▶ What to work on
Scan the data for "border" and copy the lines it appears in.

▶ Records for the exercise

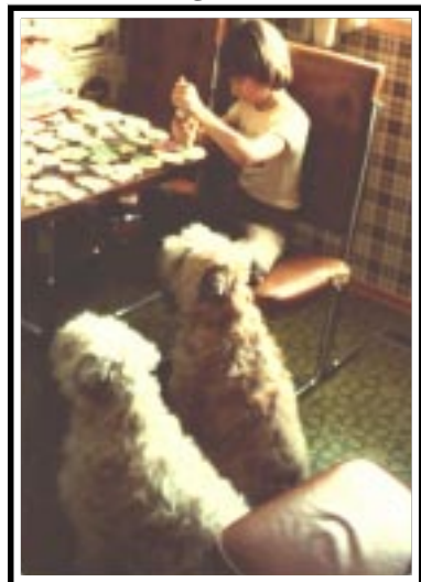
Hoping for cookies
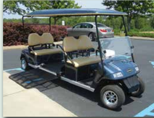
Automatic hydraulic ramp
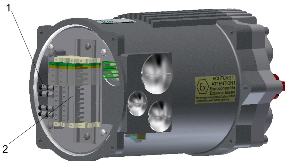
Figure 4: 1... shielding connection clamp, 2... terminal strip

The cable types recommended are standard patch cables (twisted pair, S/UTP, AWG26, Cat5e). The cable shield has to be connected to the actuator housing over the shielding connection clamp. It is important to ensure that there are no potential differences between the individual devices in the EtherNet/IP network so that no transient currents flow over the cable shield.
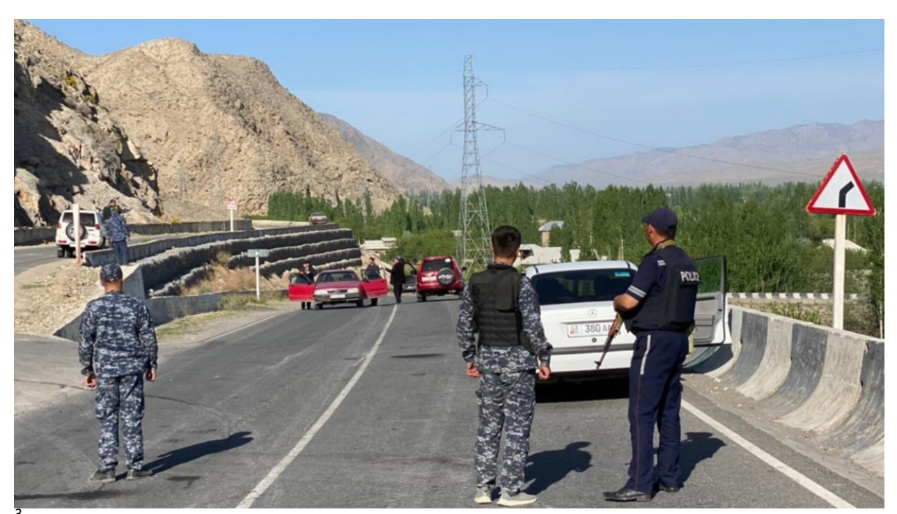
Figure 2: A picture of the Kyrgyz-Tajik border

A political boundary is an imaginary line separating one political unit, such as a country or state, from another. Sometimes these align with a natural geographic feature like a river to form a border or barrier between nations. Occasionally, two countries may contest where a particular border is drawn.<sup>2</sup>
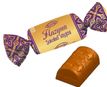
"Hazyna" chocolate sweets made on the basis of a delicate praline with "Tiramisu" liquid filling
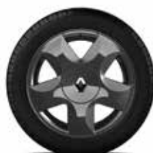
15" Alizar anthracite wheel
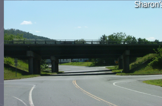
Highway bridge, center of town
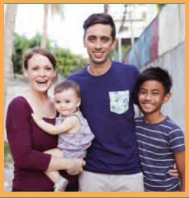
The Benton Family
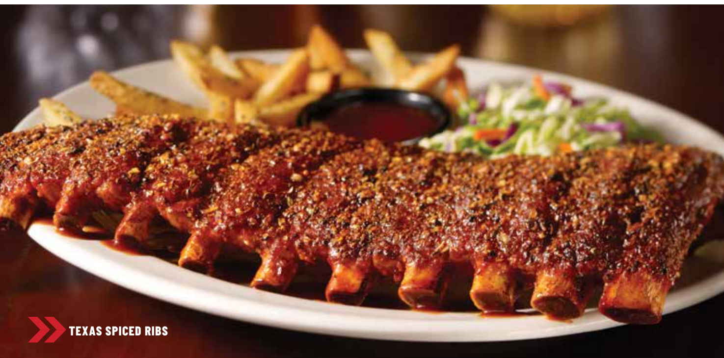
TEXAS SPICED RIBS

▶ Finished exercise
Figure 2: A picture of the Kyrgyz-Tajik border
A political boundary is an imaginary line separating one political unit, such as a country or state, from another. Sometimes these align with a natural geographic feature like a river to form a border or barrier between nations. Occasionally, two countries may contest where a particular border is drawn.<sup>2</sup>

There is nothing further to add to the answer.